Jumping to pure Xlib or Motif is a bit beside the point, to that end you might as well use GTK1 or GTK2 if you don't mind using an old stable API that is not really being updated anymore.
That sort of "backwards compatibility" is useless in the long run and a big source of waste of time for the developers who rely on their library - see XFCE or even Gimp as examples of projects wasting tons of time just to do the same stuff just with a different API.
In addition it isn't what the thread is about which should have been obvious from the Win32 as an example. When you use Win32 you get the latest fixes and features even in applications that haven't been updated for two decades - for example you get new common dialogs and access to shell extensions (e.g. TortoiseSvn/Git integration) that didn't exist back when those applications were made.
Backwards compatibility isn't just about keeping the old stuff running as they were back when they were released - that is just the absolute minimum. It is also about adding new features and fixing bugs that all applications - both old and new - can benefit whenever possible.
> Jumping to pure Xlib or Motif is a bit beside the point, to that end you might as well use GTK1 or GTK2 if you don't mind using an old stable API that is not really being updated anymore.
Xlib and Motif are not equivalent to GTK1 and GTK2 since they do receive updates and bugfixes, even if they rarely receive new features (though both do receive new features too).
What you're describing is not backward compatibility, it's forward compatibility.
The OS is backward compatible with old applications that continue to run. The old applications are forward compatible with newer versions of the operating system including some of the new features that are added.
Achieving backward and forward compatibility (the combination is often called "full compatibility") is actually quite difficult.
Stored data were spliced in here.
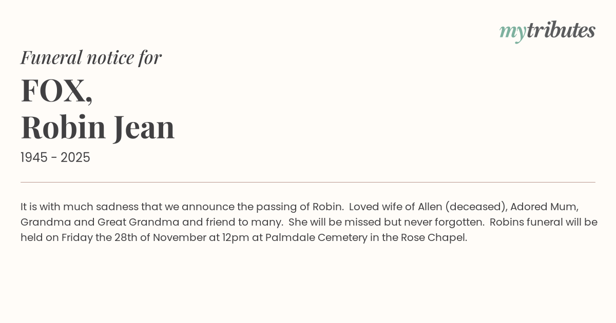 15°CIt is with much sadness that we announce the passing of Robin. Loved wife of Allen (deceased), Adored Mum, Grandma and Great Grandma and friend to many. She will be missed but never forgotten. Robin’s funeral will be held on Friday the 28th of November at 12pm at Palmdale Cemetery in the Rose Chapel.
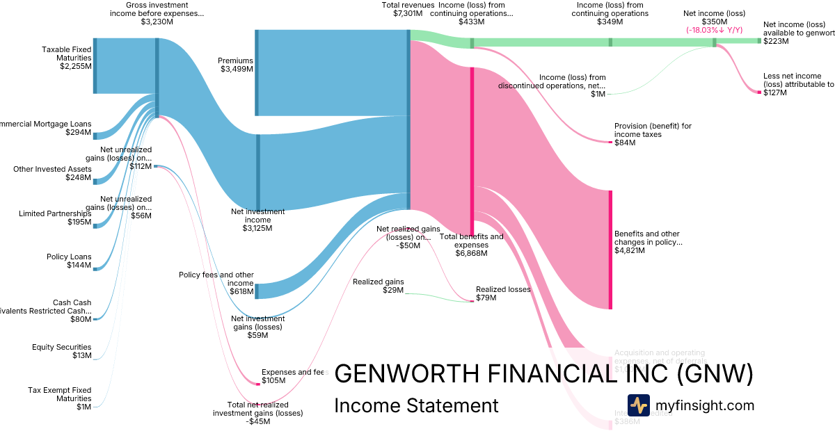 For the year ending 2025-12-31, GNW made $7,301M in revenue. $223M in net income. Net profit margin of 3.05%.
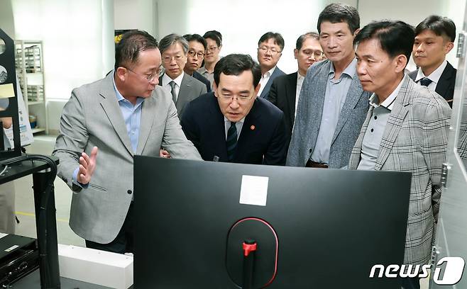 (서울=뉴스1) = 이창양 산업통상자원부 장관이 26일 경기도 성남시 성남일반산업단지에 입주한 퓨런티어 본사를 방문, 개발연구실 등을 둘러보고 있다. (산업통상자원부 제공) 2023.7.26/뉴스1
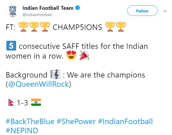 Dalima Chhiber, Grace Dangmei and substitute Anju scored for the team. This win has extended India's run in the tournament history to 23 games.
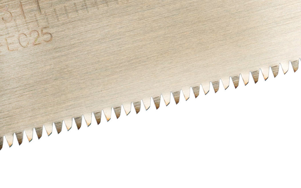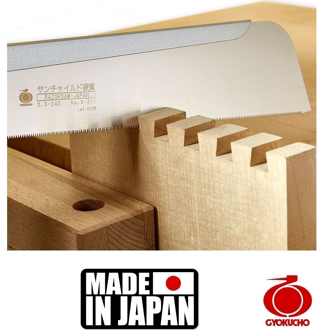 Hey Handwerker! Diese Gyokucho 311 Sun Child Dozuki Säge ist einfach perfekt für feine Holzarbeiten. Mit 240mm Klingenlänge und 530mm Gesamtlänge liegt sie super in der Hand. Die ultra-dünne 0,3mm Klinge entfernt kaum Material und hinterlässt eine mega glatte Oberfläche. Perfekt für Holz von 3mm bis 12mm Stärke - also ideal für kleine Schubladen, Schmuckkästchen oder andere filigrane Projekte. Die Zähne haben 1,3mm Abstand und sind differentiell impulsgehärtet - das heißt sie sind super hart (RC68) aber trotzdem weniger bruchanfällig. Das Vernickeln der Klinge hat drei Vorteile: Schutz vor Korrosion, schöner Glanz und weniger Harzanhaftung. Einfach mit warmem Wasser reinigen und sie ist wie neu! Funktioniert super in Weichhölzern und gemäßigten Harthölzern, mit etwas Fingerspitzengefühl sogar in exotischen Hölzern. Einfach eine richtig gute japanische Säge, die präzise Schnitte ermöglicht und lange hält. Ob Profi oder ambitionierter Hobbyhandwerker - mit dieser Säge machst du nichts falsch!
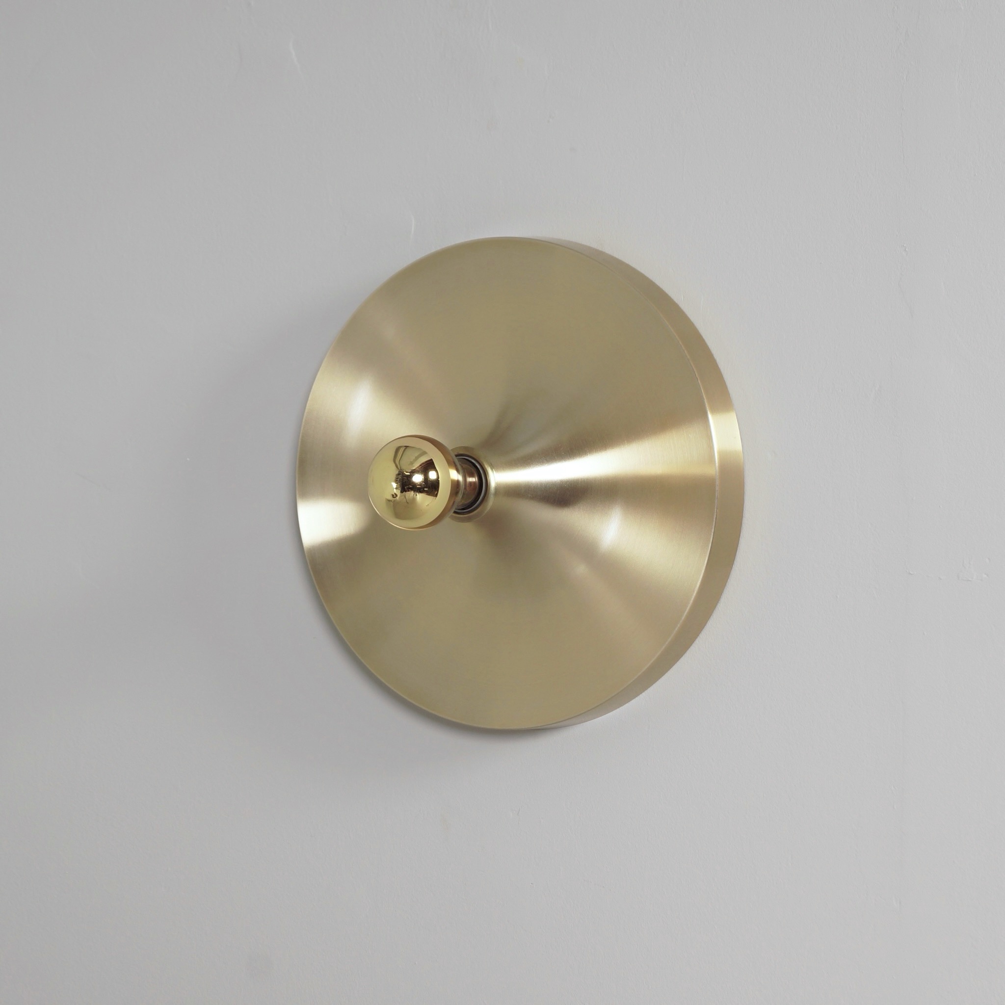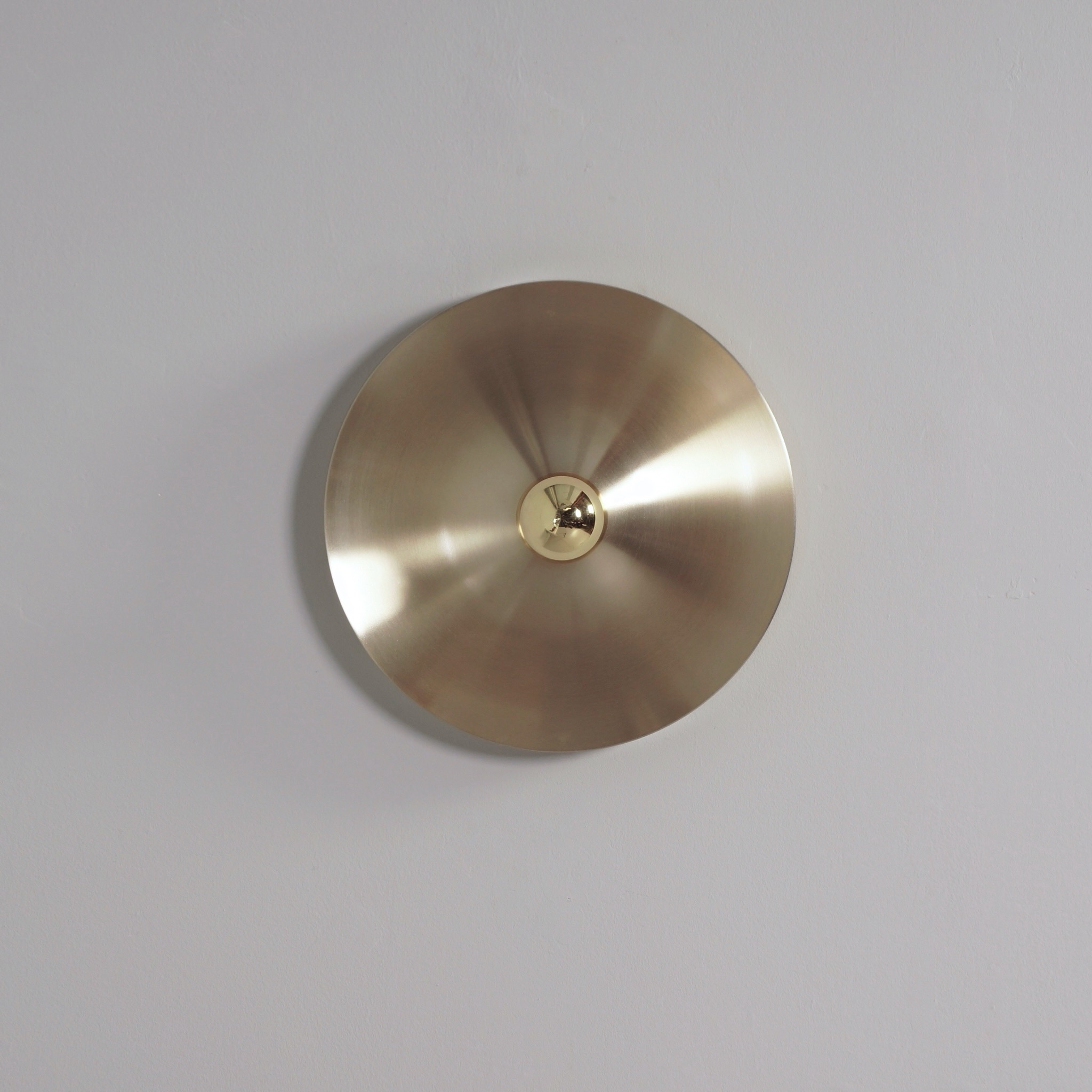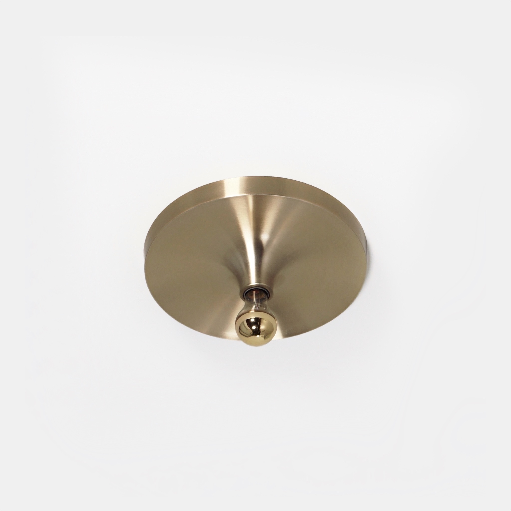The lamp is made of brass-coloured anodised aluminium and can be mounted on either the ceiling or the wall. Its construction consists of a broad disc with a tapered centre, a characteristic detail of TEKA models from this period. Dimensions: 35 × 9 (H) cm / 13.8 × 3.5 (H) in (measured without the gold-coloured bulb). Marked: TEKA.

The resources Microsoft throws at this problem and the related coordination costs are massive (and conversely, the progress any individual developer sees on their particular tasks is often glacial)[0]. In the open source world, I think only web browsers typically see anything resembling a similar level of effort applied to evolving the platform while maintaining compatibility with extant (and often buggy) code, and that's still a much smaller problem (though it might not be after another decade or two), since for all intents and purposes, the web as a whole is a "rolling release" system with bugs and incompatibilities popping up and being fixed constantly.
[0] http://moishelettvin.blogspot.com/2006/11/windows-shutdown-c...
I get what you're saying, but asking "why doesn't my old API get new features" is a different thing than asking for backwards compatibility because that entails actually modifying the old applications to support new API features, not just maintaining compatibility with them. If someone really wants to step up and backport features to GTK2, that's always possible, you don't need to wait for the GTK4 developers to figure it out.
If GTK3's API was backwards compatible (both in binary and source form) with GTK2's API then the developers of all the applications that relied on GTK2 wouldn't have to spend any time changing their applications to work with GTK3 nor make any "weighting" between doing these changes or staying on a library that wont receive any further updates and features after a while. And in practice this isn't really much of a choice unless the GTK developers also committed to updating, fixing and improving (ie. adding new features) to the previous library - at which point why bother with the new version at all?
This is a waste of time because the developers of those applications could have spend their (often limited, since they're not paid to make those applications and instead make them in their free time) development time on fixing bugs and adding features to these applications that directly benefit the end users instead of trying to catch up with whatever stuff GTK3 broke (and now will be broken again in GTK4).
> I get what you're saying, but asking "why doesn't my old API get new features" is a different thing than asking for backwards compatibility because that entails actually modifying the old applications to support new API features, not just maintaining compatibility with them.
No, this is exactly backwards compatibility in the best way: the old applications get new features without even having to recompile them. This is how it works, e.g. in Win32 where as i wrote above you get new features in applications that were compiled 20+ years ago.
You only need to modify existing applications so that they can use new features when it makes sense for those new features to be requested by the application. But, for example, you do not need to modify existing GTK2 applications to add Wayland support in GTK2, or to improve the a common dialog like the file picker, or to add an emoji picker in text editing areas (which, btw, is also a feature that Windows applications got in Windows 10 which works even in applications compiled many years ago before emoji was a thing outside Japan), or a bunch of other stuff.
What you describe would only be an issue if someone statically linked against GTK but the overwhelmingly vast majority of applications link against GTK dynamically and on Linux they all pretty much use the distribution's libraries instead of bundling their own.
> If someone really wants to step up and backport features to GTK2, that's always possible, you don't need to wait for the GTK4 developers to figure it out.
Yes, of course anyone could improve GTK1, GTK2, etc but what is being discussed here isn't if it is technically possible to improve these libraries without breaking backwards compatibility (it obviously is) but about what the (official) developers of these libraries are actually doing with regards to backwards compatibility.